Шрам ударил по лицу воина кроу. Кровь выступила на рассеченной губе удивленного мужчины и заструилась по подбородку. Он, не двигаясь, смотрел на Шрама.
— Мне надоели твои постоянные отговорки, вечно ты ничего не слышишь и не видишь! — Шрам отошел от воина, опустился на плед и жестом велел женщине, чтобы та продолжала омывать его.
— Сядь, — приказал Шрам воину. — Вытри кровь. Испуганный индеец упал на колени и утер губы рукавом рубахи. Отводя глаза от взбешенного голого мужчины, бесцеремонно развалившегося перед ним, он сказал:
— Шрам, тут нет нашей вины. Девчонка, видимо, с Ночным Солнцем. Но люди Идущего-по-Следу никогда не проболтаются. Кроме того, если она и там, мы не можем поехать и забрать ее. — Он потупил взгляд.
— Смотри на меня, Кэйтенне! Златокудрая девушка у Ночного Солнца. Мне нужна эта девушка, и я заполучу ее. Либо ты найдешь ее, либо я… — оттолкнув женщину, Шрам схватил свой «кольт» и взвел курок, — или я прикончу тебя и скормлю твои кости собакам.
Воин кивнул.
— Завтра направимся на юг. Будем продвигаться до тех пор, пока Малая Миссури не превратится в Белл-Фурш. Если не найдем их там, свернем на восток, к Пороховой.
— Хорошо. Сообщи остальным, что мы тронемся на восходе. И скажи им, если помогут мне найти девчонку, получат вознаграждение. А теперь убирайся отсюда. Я хочу вымыться. — Шрам рассмеялся и отложил револьвер в сторону. — Надо предстать перед генеральской дочкой приятным и свежим.

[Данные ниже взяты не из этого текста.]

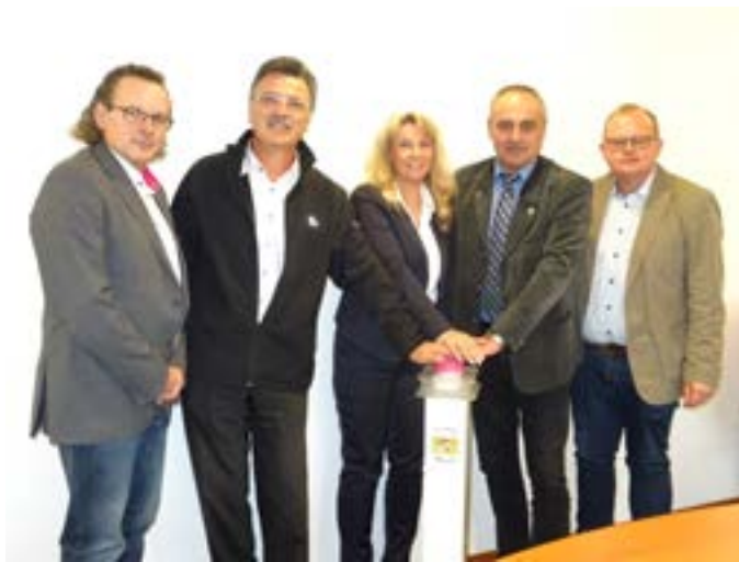
Inbetriebnahme Breitband (FTTH)

durch den aktuellen Ausbau der Deutschen Telekom können ab sofort ca. 200 Haushalte von schnellem Internet profitieren mit Bandbreiten bis zu 1 GBit/s (Gigabit pro Sekunde). Bevor diese Bandbreiten jedoch genutzt werden können, muss auch mehr Geschwindigkeit bei der Telekom gebucht werden.

Генерал Уильям Кидд задумчиво смотрел в окно своей квартиры в форту Коллинз. Вот-вот взойдет сентябрьское солнце. Любимое время суток, любимое время года. Но ни утро, ни любимая осенняя пора не радовали его. Сердце генерала было разбито.
Они не найдут ее, теперь он ясно сознавал это. Его маленькая девочка пропала, скорее всего, Марти уже нет в живых, и вместе с ней он утратил интерес к жизни. Сигнал горна к отбою уже не волновал генерала. Открывавшийся из окна вид на осины с тронутыми багрянцем листьями оставлял его равнодушным. Хорошая еда, отличное виски, славные друзья — все это потеряло ценность.
Каждую ночь с наступлением темноты он слышал призывы дочери, ее рыдания преследовали генерала во сне. По утрам он убеждал себя, что вернет ее домой. Но сам не верил в это.
Марти мертва. Теперь генерал не сомневался в этом. Что ж, для нее лучше погибнуть, чем находиться в плену у какого-нибудь безумного садиста…
Генерал застегнул медные пуговицы на военном сюртуке, взял форменную шляпу, замшевые перчатки и отправился выполнять свои обязанности.
Через час он сидел за столом напротив полковника Томаса Дарлингтона, который дипломатично возражал ему, что не стоит направляться вместе с отрядом, посланным на север, к канадской границе, сразиться с враждебными сиу.
— Полковник, если я что-нибудь не предприму, то сойду с ума. Так как поиски зашли в тупик, я… — Генерал обреченно пожал плечами. — Кроме того, если наши шпионы правы и Желчный Пузырь планирует во главе своей банды вторгнуться в Дакоту, я хочу быть там, чтобы лицом к лицу встретиться с краснокожим ублюдком!
— Сэр, я знаю, как вы ненавидите индейцев. Все мы испытываем к ним те же чувства, но я никогда не мог понять…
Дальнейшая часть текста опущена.